All Visual Arts, London Galerie Michael Haas, Berlin Acquired from the above by the present owner in 2011
Exhibited
London, All Visual Arts, Jonathan Wateridge, Mittelland, 13 October - 12 November 2011, pp. 28-31, 40-41, 50 (illustrated)
Catalogue Essay
'I merely wanted a sense that their whole life, everything that they're doing is somehow in flux and also what questions that raises given the age they're at. If this had been a young couple, in their twenties, perhaps the image would seem utopian, it could be aspirational, but this does something else'. Jonathan Wateridge
In mimetically capturing a mundane scene of invented reality, Repainting, from Jonathan Wateridge’s Mittelland series, encapsulates the artist’s ability to interrogate perception, rendering the image strikingly realistic yet devoid of the intrusive details of photography. A single light source illuminates the room, invoking the chiaroscuro of Old Master paintings whilst reflecting artificial studio lighting. The viewer hovers between the realism of the painted scene and its obviously constructed nature. Drawing attention to the artifice of image-making, Wateridge choreographs scenes before capturing them as the basis for his painterly compositions.
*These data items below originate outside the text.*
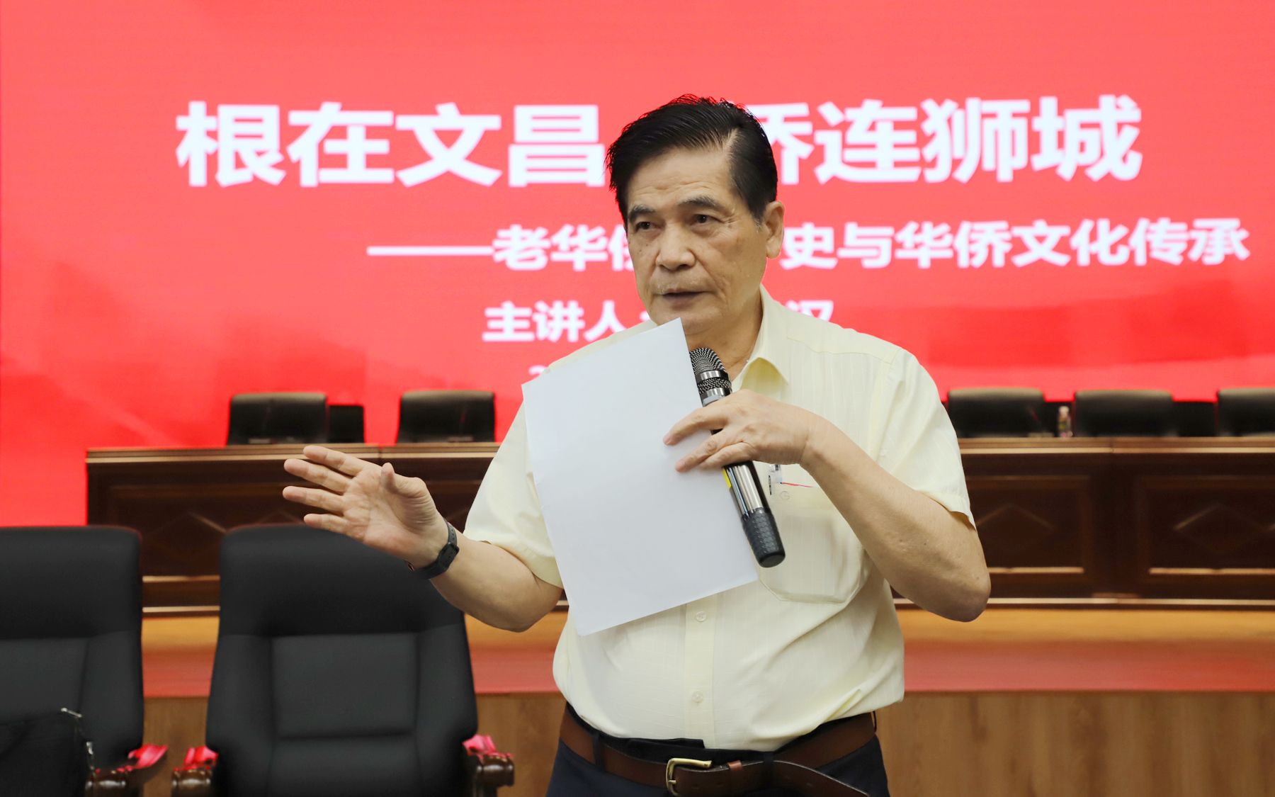 5月12日下午,“根在文昌 桥连狮城——老华侨奋斗史与华侨文化传承”分享交流会在新阶梯教室报告厅举行,特别邀请新加坡海南协会理事长陈学汉到校,就老华侨奋斗史与华文化传承主题与师生面对面分享交流。
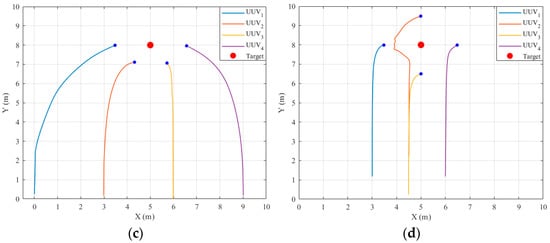 For the “line” formation target-hunting experiment, the initial positions of the UUVs are set at points (0,0), (3,0), (6,0), and (9,0). For the “diamond” formation target-hunting experiment, the initial positions of the UUVs are set at points (4.5,2), (3,1), (6,1), and (4.5,0). The running results of the simulation platform are shown in Figure 13a,b, and the historical paths of the four UUVs are shown in Figure 13c,d, respectively. As it can be seen from Figure 13, when the UUVs approach the target, they can maintain the formation while moving towards the target, ensuring the spacing with the target and the friendly UUVs, and finally surround the target, which means that the hunting is successful.
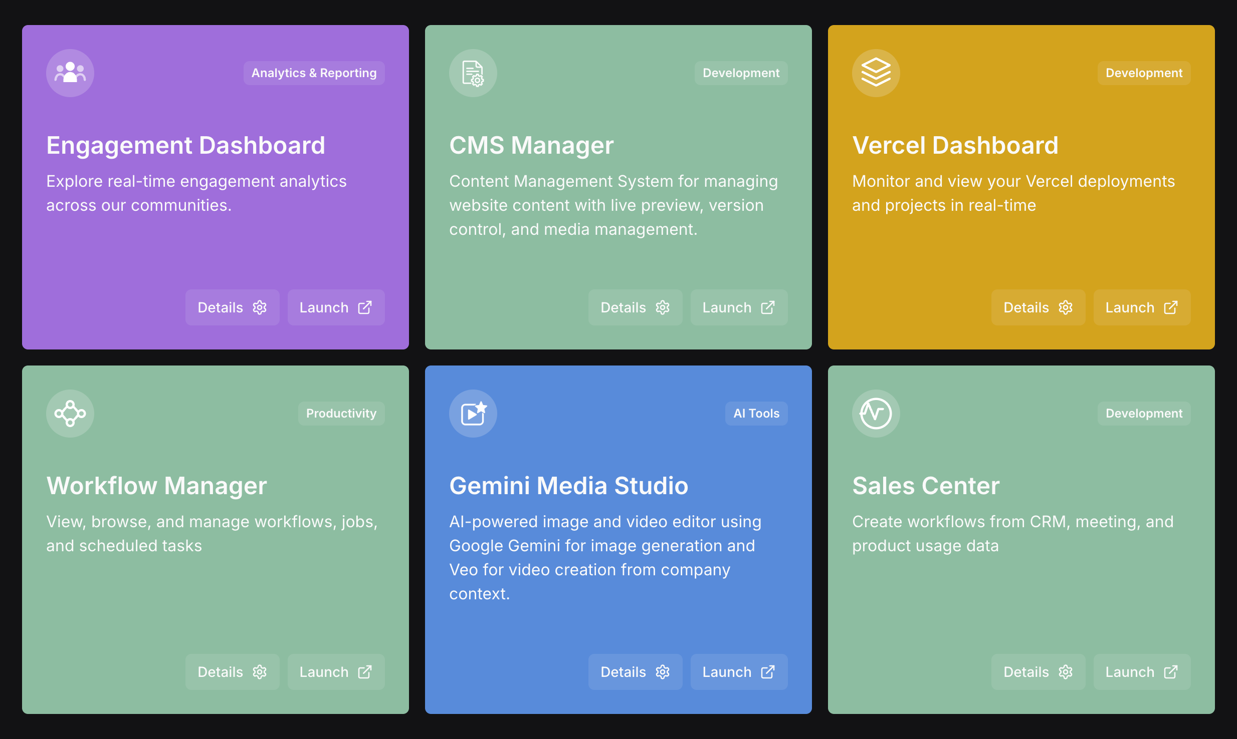 When one team builds an app, every other app and agent can consume it's functionality. A reporting app built last month becomes a data source for next week's dashboard. Each deployment adds capabilities that compound across your organization.
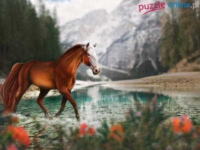 Puzzle Góry, Koń, Rzeka, Grafika 2D
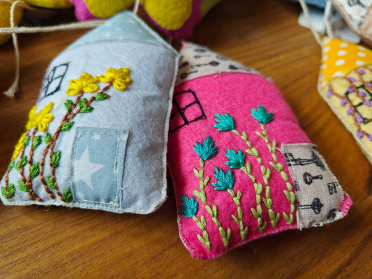 Hand-Embroidered Felt Hut Bunting | Whimsical Mini House Garland for Kids’ Rooms & Nurseries
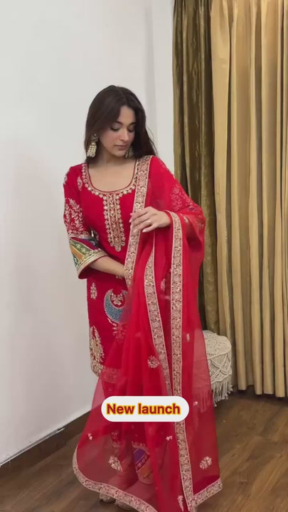 Product Overview: Elevate your ethnic charm with this stunning Designer Suit Set, meticulously crafted from Heavy Natural Crep Silk. This vibrant Red ensemble features exquisite 5mm Sequence Embroidery Work, making it a perfect choice for weddings, receptions, and grand festive celebrations.
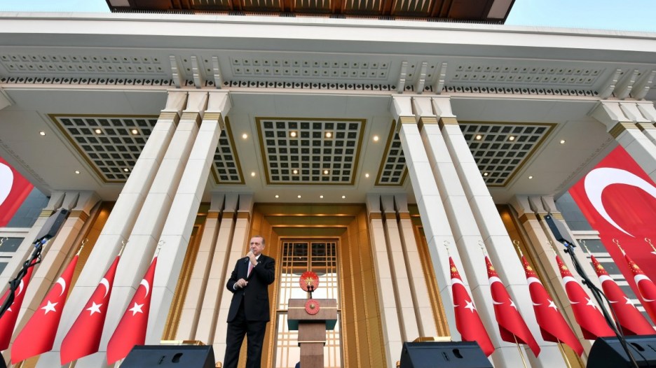 A handout photo made available by the Presidential Press Office shows Turkish President Recep Tayyip Erdogan speaking during a ceremony. EPA, PRESIDENTIAL PRESS OFFICE HANDOUT, EDITORIAL USE ONLY

Considering painting a more complex medium for capturing the ‘now’, Wateridge lifts elements from cinema and photography to create his own constructed representations of life, or, as Wateridge has termed his practice, a form of ‘faux-documentary’. Repainting plants a seed of doubt within the viewer regarding how one ought to perceive a picture and in doing so Wateridge reinvigorates the medium of painting.